Immortalized lymphocytes and skin fibroblasts derived from patients are often used for expression studies or biological analyses, as these cells are easy to be obtained and handled. However, many tissue-specific genes are not sufficiently expressed by these cells; PLP1 being one of them. Although there are reports examining PLP1 expression by RT–PCR, using mRNA extracted from skin fibroblasts,4, 5, 21 the expression of PLP1 mRNA in skin fibroblasts is too low to be examined by northern blotting as shown here. In this study, our microarray database search showed over 40 times higher PLP1 expression in iPS cells than that in skin fibroblasts. Our initial northern blot analysis confirmed faint but detectable PLP1 expression in iPS cells, whereas no expression was observed in skin fibroblasts, lymphocytes or SNL feeder cells.

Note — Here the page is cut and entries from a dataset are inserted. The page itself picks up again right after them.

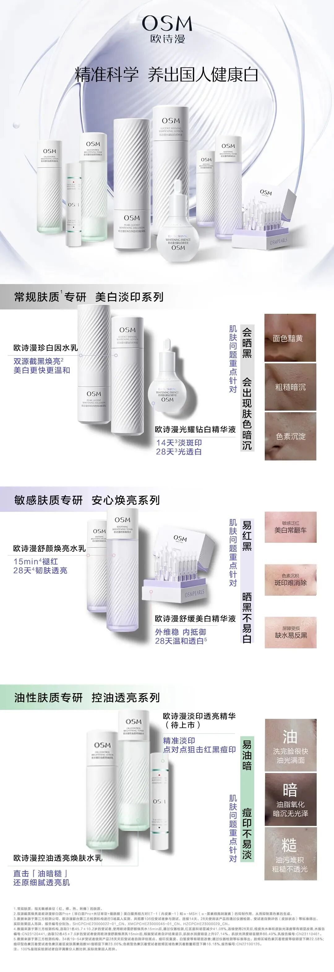 同时,欧诗漫也聚焦敏感性、常规性、油性肤质的美白进阶需求,率先提出了国人分肤美白的概念,通过精准分肤、精准靶点、精准配方,在产品开发上打造了3条分肤美白产品线,让不同肤质中国用户都可以精准科学健康美白,为美白功效性护肤品的发展高效赋能。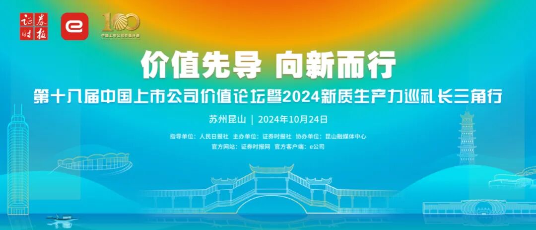 证券时报第十八届中国上市公司价值论坛暨2024新质生产力巡礼长三角行,将于10月24日至25日在江苏昆山隆重召开!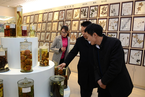 在彭虎軍的陪同下,陳義德、朱先鵬、周麗娜一行參觀了我校商洛紅色文化資料館、商洛文化暨賈平凹研究中心、陜西省尾礦資源綜合利用重點(diǎn)實(shí)驗(yàn)室、學(xué)校辦學(xué)成就展廳、秦嶺植物標(biāo)本室及生物醫(yī)藥與食品工程學(xué)院實(shí)驗(yàn)室等處。
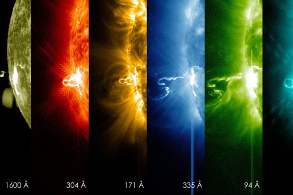 Em 24 de fevereiro de 2014, o Sol emitiu uma erupção solar que foi fotografada em diferentes espectros de luz. O resultado é esta bela imagem. Foto: NASA/SDO →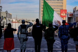 El alcalde de Chihuahua, Marco Bonilla Mendoza, encabezó el izamiento a la bandera en Plaza de Armas, evento que se realiza el primer lunes de cada mes por el...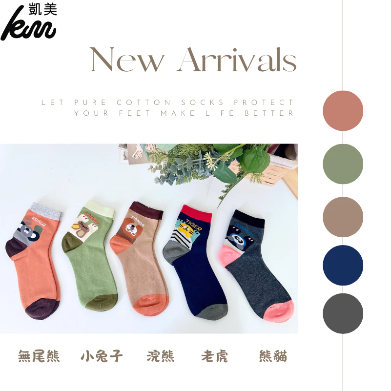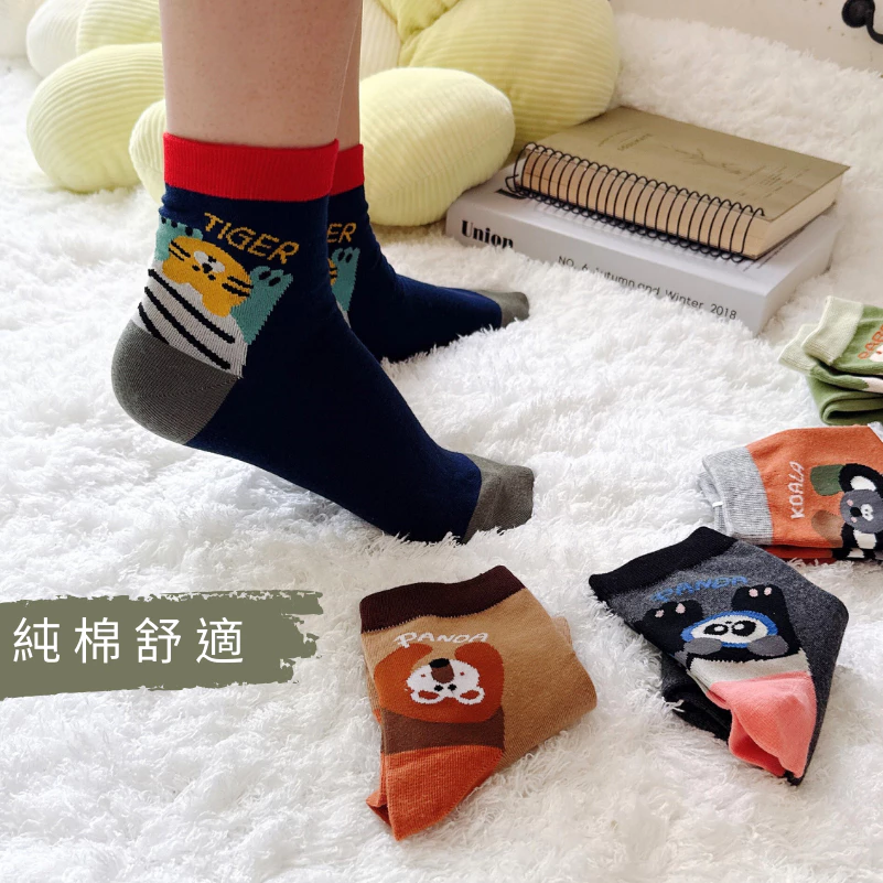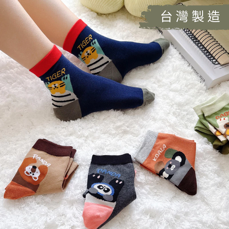 [凱美棉業] 8雙組 隨機出色 MIT台灣製造 可愛動物純棉襪 22-26cm 凱美棉業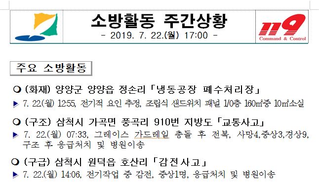 소방활동 주간상황(7. 22. 월) 17:00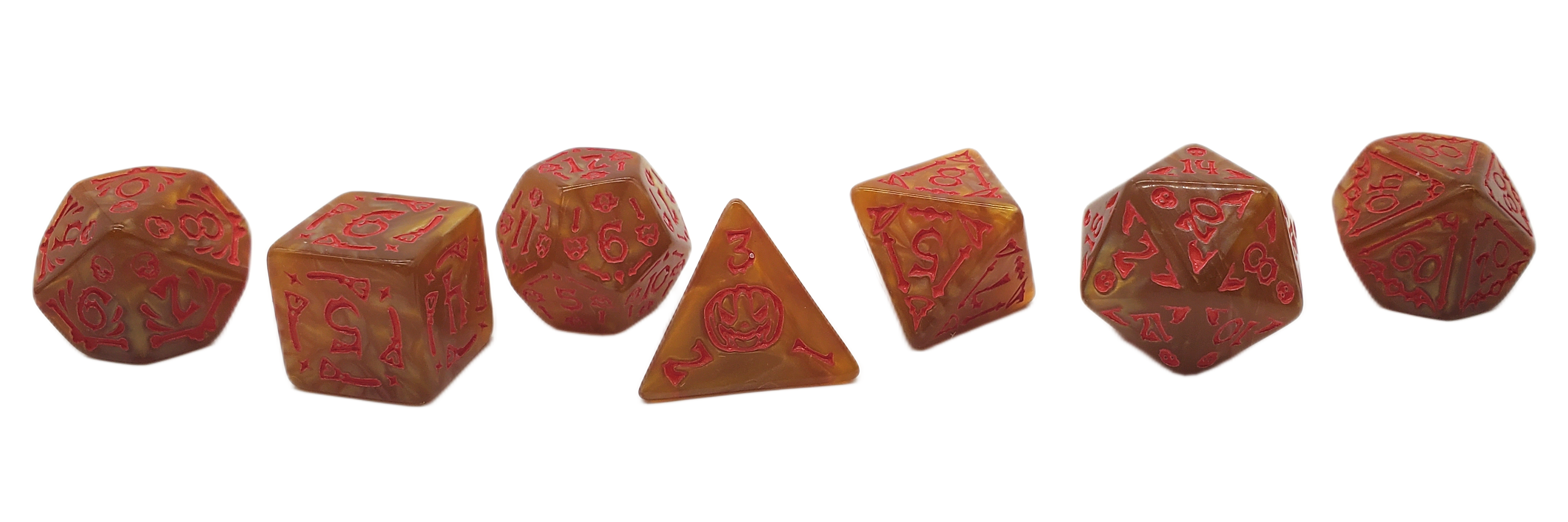 DnD RPG Dice Set: Rune Dice - All Hallows Eve - Gold w/ Red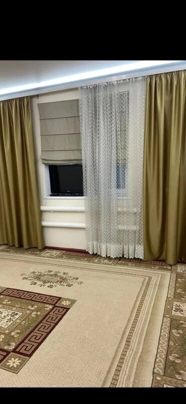 - Окна с римской шторой и тюлем, плотные портьеры.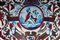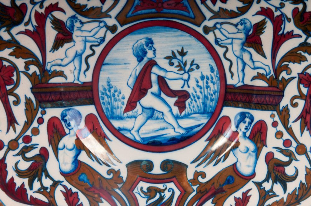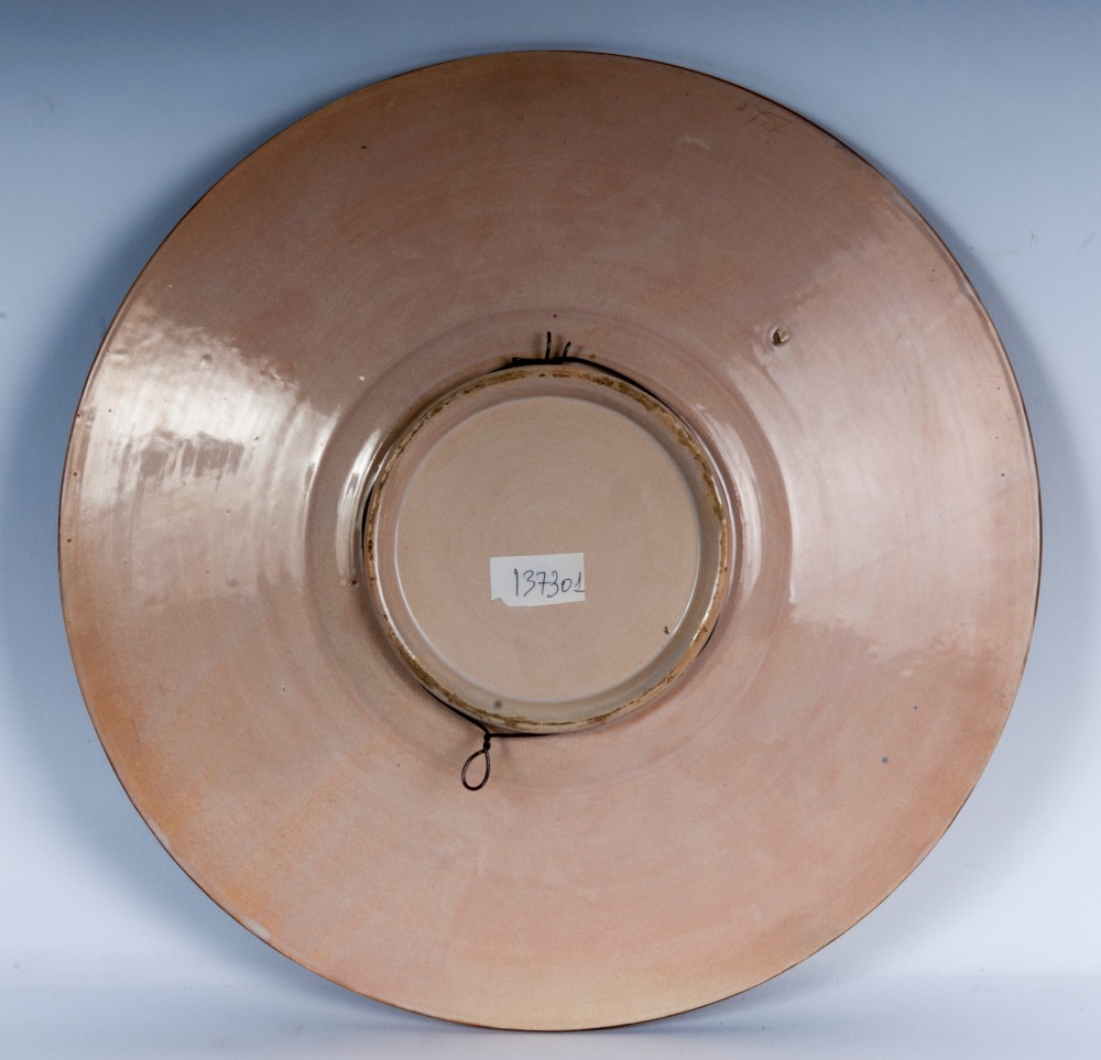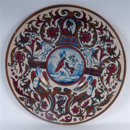 diametro 38,5 x 4,7 cm a tutto fondo con leggero incavo centrale. Decorato a girali con putti ed arpie e figure di giovinetto entro riserve tonde su fondo bianco, cromie in rosso rubino, oro e blu su fondo bianco con con la tecnica del lustro. Retro con appoggio ad anello a fondo ribassato. Orlo del piatto in oro a lustro. Non firmato.

This study also confirmed a lack of PLP1 expression in SNL feeder cells. Therefore, this study demonstrates that iPS cells express endogenous PLP1, and that the possibility of contamination from SNL feeder cells or original skin fibroblasts can be excluded. Although being detectable by northern blotting, PLP1 expression in iPS cells appeared to be much lower than that in mature oligodendrocytes and may be simply cryptic rather than functional. If so, this allows us to evaluate the native transcriptional level of each mutant (and wild-type) PLP1 allele, which is the primary focus of our study. Meanwhile, terminal differentiation of iPS cells into the oligodendrocyte lineage would result in an enhanced PLP1 expression with functional consequence. However, this requires technological breakthrough in the induction of terminal differentiation into oligodendrocyte lineage, which is currently unavailable.

In conclusion, we identified the first PMD patient having a partial PLP1 duplication. The absence of PLP1 expression in iPS cells, generated from the patient’s skin fibroblasts, proved the underlying effects of the partial PLP1 duplication for the PMD development.